Fig. 9 is a smith chart of the antenna structure 100 operating in the LTE-a Band10 Band (1.71 GHz-2.17 GHz) when the length of the second side slot 120 in the antenna structure 100 is adjusted. Curves S91, S92, S93, S94, and S95 are impedance curves when the antenna structure 100 operates in the LTE-a Band10 Band (1.71GHz to 2.17GHz) when the distance H2 between the first end of the second side slot 120 and the terminal portion 113 is 21.2 mm, 20.2 mm, 19.2 mm, 18.2 mm, and 17.2 mm, respectively.

Fig. 10 is a smith chart of the antenna structure 100 operating in the LTE-a Band41 Band (2.49 GHz-2.69 GHz) when the length of the second side slot 120 in the antenna structure 100 is adjusted. The curves S101, S102, S103, S104, and S105 are impedance curves when the antenna structure 100 operates in the LTE-a Band41 frequency Band (2.49 GHz-2.69 GHz) when the distance H2 between the first end of the second side slot 120 and the terminal portion 113 is 21.2 mm, 20.2 mm, 19.2 mm, 18.2 mm, and 17.2 mm, respectively.

Obviously, as can be seen from fig. 8, 9 and10, by adjusting the length of the second side groove 120, so that the third radiating portion F3 operates in the middle frequency band or the high frequency band, for example, 1.71GHz to 2.17GHz or 2.49GHz to 2.69GHz, the S11 value and the corresponding smith chart thereof can both show that the corresponding return loss and reflection coefficient are low, and both can meet the antenna design requirements. When the length of the second side groove 120 is decreased, that is, the distance H2 between the first end of the second side groove 120 and the terminal portion 113 is decreased, the third radiation band generated by the third radiation portion F3 is shifted to a high frequency direction.

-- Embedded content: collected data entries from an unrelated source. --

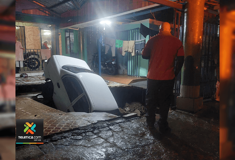 ¡Se lo tragó la tierra! Lluvias abren hueco al que cayó carro en Aserrí
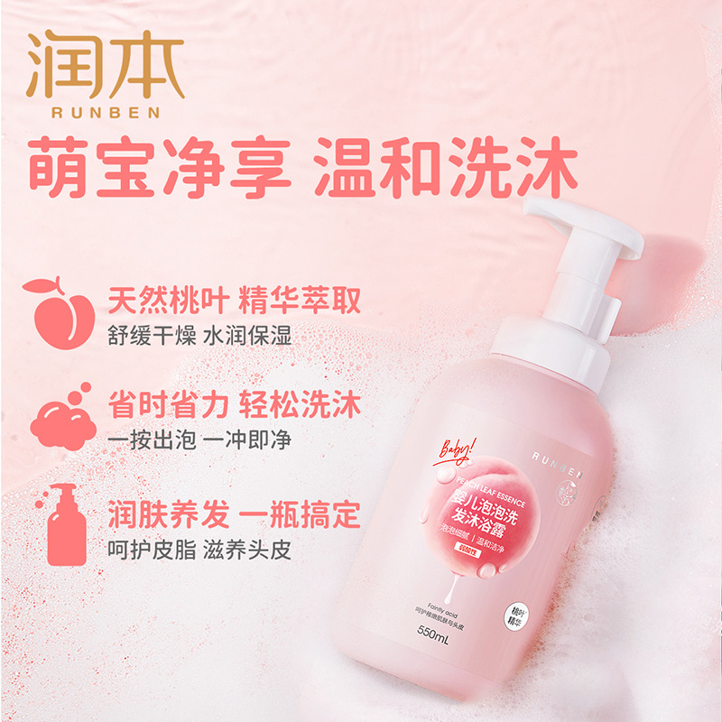 | nameOriginal | Runben Peach Leaf Bubble Body Soap Shampoo 2-in -1 Baby Newborn Baby Care Products Genuine Bubble Bath |
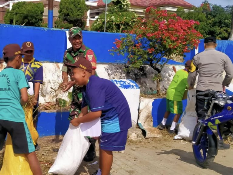 SUMBA BARAT – Sebagai bentuk kepedulian terhadap kebersihan lingkungan dan pembentukan karakter generasi muda, Babinsa Koramil 1613-01/Loli, Sertu Silas Kikhau, bersama Bhabinkamtibmas dan siswa-siswi SMP Kristen Waikabubak melaksanakan kegiatan pembersihan sampah plastik di Lapangan Manda Elu, Kelurahan Komerda, Kecamatan Kota Waikabubak, Kabupaten Sumba Barat, Sabtu (19/7/2025).
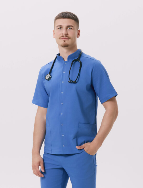 Bluzka medyczna męska NAPKI to połączenie komfortu i profesjonalnego wyglądu. Dzięki klasycznej stójce i zapięciu na napy jest idealnym wyborem dla wymagających specjalistów.
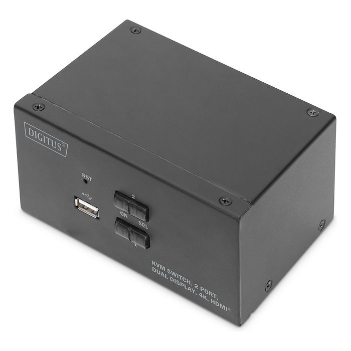 Digitus Conmutador KVM, 2 puertos, pantalla dual, 4K, HDMI®, 3840 x 2160 Pixeles, 4K Ultra HD, Negro
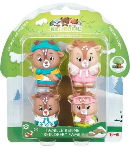 Découvrez la nouvelle famille Klorofil, tout droit venue des montages enneigées. C'est la famille Rennes, tous le nez en c?ur, qui a pour habitude d'accompagner le père-Noël au moment des fêtes. Rudy le papa, Astrid la maman, Sten le fils et Helga la fille. De nouveaux personnages à collectionner. Idéal pour mettre en scène les univers Klorofil. Pour se raconter toujours plus d'histoires. Attention:À utiliser sous la surveillance d¿un adulte.La livraison depuis la France est prévue dans 5 jours ouvrés, n'hésitez pas à passer votre commande ...
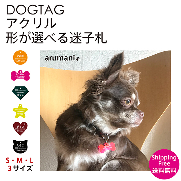 ★超軽量★犬用 迷子札 名札 国産アクリル使用 ペット 名入れ 形が選べる
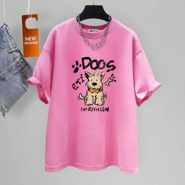 100%純棉短袖 酒紅色T恤 可愛小狗 夏天衣服 時尚女裝 大碼女裝 大版中長款 卡通印花 寬鬆顯瘦 小眾設計感上衣
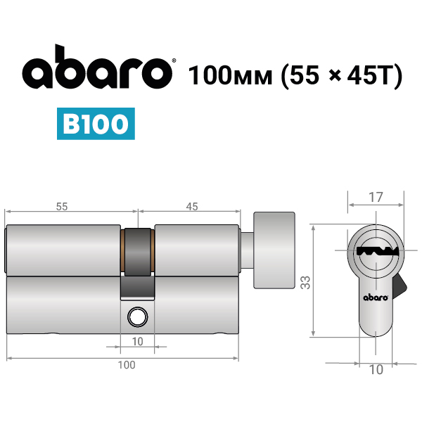 Опис Циліндр ABARO B100 100T (55*45T) Ni нікель сатин 5 ключів
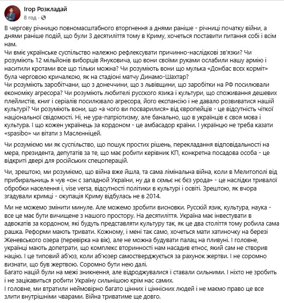 Медіаюрист, заступник директора Центру демократії та верховенства права Ігор Розкладай питається, чи вміє українське суспільство належно рефлексувати причинно-наслідкові звʼязки? Він підкреслює, що змінити минуле не можливо, але українці мають зробити правильні висновки, вичистити український інфопростір від російського впливу і не зіпсувати все внутрішніми чварами.
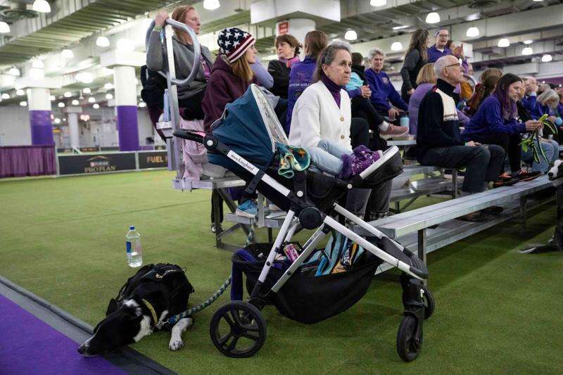 A dog waits to compete in the Masters Agility Championship Finals at the 150th Westminster Kennel Club Dog show, Saturday, Jan. 31, 2026, at the in New York. (AP Photo/Yuki Iwamura)
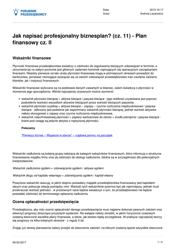 Data: Autor: 2013-10-17 Andrzej Lazarowicz Jak napisać profesjonalny biznesplan? (cz. 11) - Plan finansowy cz. II Wskaźniki finansowe Płynność finansowa przedsiębiorstwa świadczy o zdolności do regulowania bieżących zobowiązań w terminie, a utrzymanie jej na stałym poziomie jest głównym zadaniem komórek zajmujących się operacyjnym zarządzaniem finansami. Niestety pierwsze oznaki utraty płynności finansowej mogą w późniejszych okresach prowadzić do bankructwa, ponieważ niemogące wywiązać się ze swoich zobowiązań przedsiębiorstwo traci zaufanie zarówno klientów, jak i instytucji finansowych. Wskaźniki finansowe wyliczane są na podstawie danych zawartych w bilansie, zatem świadczą o płynności w momencie jego sporządzenia. Wśród najczęściej używanych można wymienić: wskaźnik płynności bieżącej = aktywa bieżące / pasywa bieżące - jego wielkość uzyskiwana jest poprzez podzielenie wartości wszystkich aktywów bieżących przez wartość bieżących pasywów, wskaźnik płynności szybkiej = aktywa bieżące – zapasy – czynne rozliczenia międzyokresowe / pasywa bieżące - obliczany jest podobnie jak wspomniany wskaźnik płynności bieżącej, jednak wartość aktywów należy skorygować o zapasy oraz czynne rozliczenia międzyokresowe, wskaźnik natychmiastowej płynności = papiery wartościowe do obrotu + środki pieniężne / pasywa bieżące brane pod uwagę są jedynie aktywa o najwyższej płynności. Polecamy “Pierwszy biznes – Wsparcie w starcie” – rządowa pomoc na początek Wskaźniki zadłużenia są kolejną grupą należącą do kategorii wskaźników finansowych, które informują o strukturze finansowania majątku firmy oraz jej zdolności do obsługi zadłużenia. Istotne są w szczególności dla potencjalnych kredytodawców. Wskaźnik zadłużenia ogółem = zobowiązania ogółem / aktywa ogółem Wskaźnik długu od kapitału własnego = zobowiązania ogółem / kapitał własny Powyższe wskaźniki ukazują, w jakim stopniu posiadany majątek przedsiębiorstwa finansowany jest kapitałem obcym oraz pokazuje relację pomiędzy nimi. Wartość tych wskaźników powinna być jak najmniejsza, jednak musi przekraczać wartość jedności - w przeciwnym razie będzie świadczyć o tym, że przedsiębiorstwo nie będzie posiadało zdolności do terminowego opłacania zadłużenia. Ocena opłacalności przedsięwzięcia Przedsiębiorca, aby móc ocenić opłacalność danego przedsięwzięcia musi najpierw dokonać pewnych założeń oraz stworzyć prognozy dotyczące przyszłych wydarzeń. Na wstępie należy określić, w jakim horyzoncie czasowym zostaną stworzone wszelkie plany finansowe, a także, jak bardzo będą szczegółowe. W praktyce najczęściej tworzy się prognozy na kilka kolejnych okresów - z reguły 5 lat. Znając już okresy planowania należy przejść do stworzenia założeń, na których zostaną oparte wszystkie stworzone 09-03-2017 1/4 Data: Autor: 2013-10-17 Andrzej Lazarowicz prognozy finansowe. Co ważne, określenie koncepcji musi mieć solidne podstawy, aby została uznana za zgodną ze stanem faktycznym panującym na rynku. Założenia powinny dotyczyć przede wszystkim: sprzedaży - główny element dokonywania szacunków, gdzie zalecane jest wykonanie jak najbardziej ostrożnych obliczeń, popartych faktami. Wszelkie dane powinny wynikać z przeprowadzonej w jednym z poprzednich rozdziałów biznesplanu analizy rynku. Niedopuszczalne są na tym etapie odstępstwa pomiędzy danymi zawartymi w poszczególnych częściach biznesplanu, kosztów - w szczególności należy przedstawić zarys określający koszty zmienne, koszty stałe oraz marżę osiąganą na sprzedaży, nakładów inwestycyjnych - czyli wielkość kapitału, jaki zostanie wniesiony do przedsięwzięcia w celu przeprowadzenia inwestycji, kapitału obrotowego - wskazanie przeciętnej wielkości kapitału obrotowego, w szczególności uwzględniając przy tym zapasy oraz należności, podatków - nieodłączna część działania każdego przedsiębiorstwa, powinna określać wielkość zobowiązań podatkowych w prognozowanych okresach przy osiąganych wynikach. Polecamy 7 zasad innowacyjnego biznesu Posiadając solidne podstawy, można przejść do tworzenia prognoz finansowych. Muszą one wynikać oraz być zgodne z poczynionymi założeniami. Co istotne, powinny także uwzględniać sformułowane wcześniej cele przedsięwzięcia, dotyczące m.in. przyjętych strategii działalności gospodarczej w każdym z segmentów. Na prognozy finansowe składają się takie narzędzia, jak: rachunek zysków i strat, bilans, rachunek przepływów pieniężnych. Statyczne i dynamiczne metody oceny projektów Na podstawie stworzonych prognoz przepływów pieniężnych dokonuje się oceny projektu w kwestii finansowej. Rozróżniamy metody statyczne, niebiorące pod uwagę zmiennej wartości pieniądza w czasie oraz metody dynamiczne, które ją uwzględniają. Metody statyczne Księgowa stopa zwrotu (ARR) = przeciętny roczny zysk netto / przeciętne nakłady inwestycyjne Przedstawia relację korzyści netto uzyskanych przez dane przedsięwzięcie do nakładów, jakie zostały w tym celu poniesione. Podstawowym założeniem jest to, że obie wartości są wyrażone jako kategorie księgowe. Okres zwrotu (OZ) = nakłady inwestycyjne / średnia roczna nadwyżka pieniężna Wskaźnik pokazuje po jakim czasie inwestycja zostanie zwrócona, polega na sumowaniu nadwyżek pieniężnych z poszczególnych lat do momentu zrównania ich wartości z poniesionymi nakładami inwestycyjnymi. Polecamy Wskazówki dla startujących w biznesie 09-03-2017 2/4 Data: Autor: 2013-10-17 Andrzej Lazarowicz Metody dynamiczne Wartość bieżąca netto (NPV) CFt - przepływy pieniężne netto w okresie t (różnica pomiędzy wpływami i wypływami), n - okres prognozy, t - kolejne okresy prognozy, r - stopa dyskontowa, gdzie: r = koszt kredytów ba

Fig. 11 is a graph of S-parameters (scattering parameters) when the antenna structure 100 operates in the LTE-a high-frequency mode and the WIFI 2.4G mode when the distance H3 between the end of the third break point 121 close to the first break point 117 and the terminal portion 113 is adjusted. The curves S111, S112, S113, S114, and S115 are S11 values when the length of the distance H3 between the end of the third break point 121 close to the first break point 117 and the terminal 113 is 13 mm, 14 mm, 15 mm, 12 mm, and 11 mm, and the antenna structure 100 operates in the LTE-a Band41 frequency Band (2.496 GHz-2.69 GHz), the LTE-a Band38 frequency Band (2.57 GHz-2.62 GHz), the LTE-a Band7 frequency Band (2.5 GHz-2.69 GHz), the WIFI 2.4G mode, and the LTE-a Band40 frequency Band (2.3 GHz-2.4 GHz), respectively.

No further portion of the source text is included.